Exercise materials:
=== Begin Enclosure ===

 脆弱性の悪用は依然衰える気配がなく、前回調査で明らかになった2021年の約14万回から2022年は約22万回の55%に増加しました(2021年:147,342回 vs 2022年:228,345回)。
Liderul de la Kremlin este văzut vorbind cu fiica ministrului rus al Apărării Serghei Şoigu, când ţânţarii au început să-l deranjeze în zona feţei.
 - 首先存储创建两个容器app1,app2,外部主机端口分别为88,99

=== End Enclosure ===
=== Begin Enclosure ===

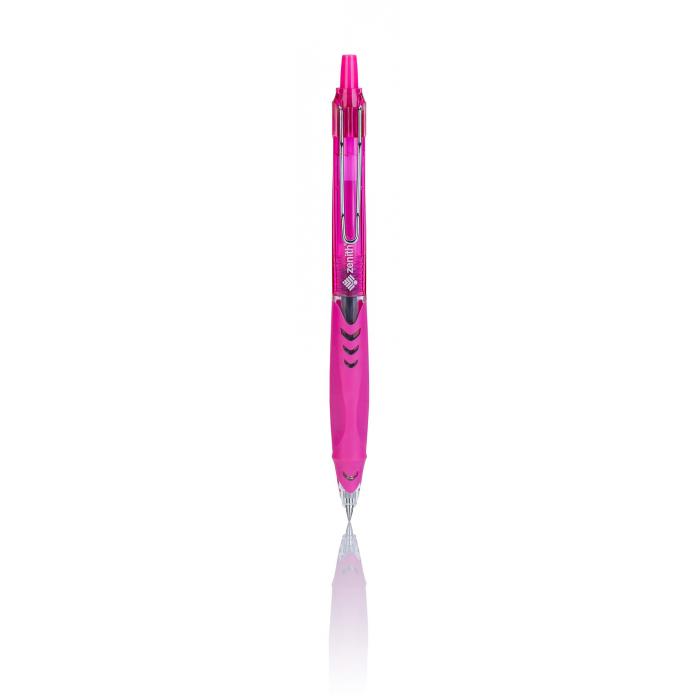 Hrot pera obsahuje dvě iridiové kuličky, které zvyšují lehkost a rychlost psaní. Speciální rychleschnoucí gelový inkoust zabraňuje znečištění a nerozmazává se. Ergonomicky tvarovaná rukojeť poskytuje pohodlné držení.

=== End Enclosure ===
=== Begin Enclosure ===

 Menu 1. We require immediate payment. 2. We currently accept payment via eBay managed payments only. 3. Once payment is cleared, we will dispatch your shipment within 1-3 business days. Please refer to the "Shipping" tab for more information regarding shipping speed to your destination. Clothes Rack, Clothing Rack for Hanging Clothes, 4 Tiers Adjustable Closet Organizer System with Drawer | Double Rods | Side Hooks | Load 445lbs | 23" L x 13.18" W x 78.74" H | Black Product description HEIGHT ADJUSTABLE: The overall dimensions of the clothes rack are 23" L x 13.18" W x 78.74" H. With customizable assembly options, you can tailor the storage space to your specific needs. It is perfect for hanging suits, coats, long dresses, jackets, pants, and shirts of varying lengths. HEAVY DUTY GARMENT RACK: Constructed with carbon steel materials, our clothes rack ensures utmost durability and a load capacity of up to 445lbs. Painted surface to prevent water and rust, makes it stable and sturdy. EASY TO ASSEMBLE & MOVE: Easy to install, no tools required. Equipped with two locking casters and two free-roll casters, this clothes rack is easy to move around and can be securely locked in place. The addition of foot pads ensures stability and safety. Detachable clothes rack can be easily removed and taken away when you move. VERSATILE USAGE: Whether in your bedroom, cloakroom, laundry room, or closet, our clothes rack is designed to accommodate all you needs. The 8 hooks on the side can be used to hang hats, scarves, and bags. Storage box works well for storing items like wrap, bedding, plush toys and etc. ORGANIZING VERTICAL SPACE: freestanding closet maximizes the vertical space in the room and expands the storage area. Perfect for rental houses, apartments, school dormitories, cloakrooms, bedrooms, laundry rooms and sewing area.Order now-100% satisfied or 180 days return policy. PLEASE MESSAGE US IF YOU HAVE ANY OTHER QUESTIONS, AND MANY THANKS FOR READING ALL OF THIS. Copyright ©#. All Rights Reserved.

=== End Enclosure ===

Brief:
Copy out only the lines above from the one with "Liderul de la" to the one with "- 首先存储创建两个容器app1,app2,外部主机端口分别为88,99", inclusive, exactly as they stand.

Expected answer:
Liderul de la Kremlin este văzut vorbind cu fiica ministrului rus al Apărării Serghei Şoigu, când ţânţarii au început să-l deranjeze în zona feţei.
 - 首先存储创建两个容器app1,app2,外部主机端口分别为88,99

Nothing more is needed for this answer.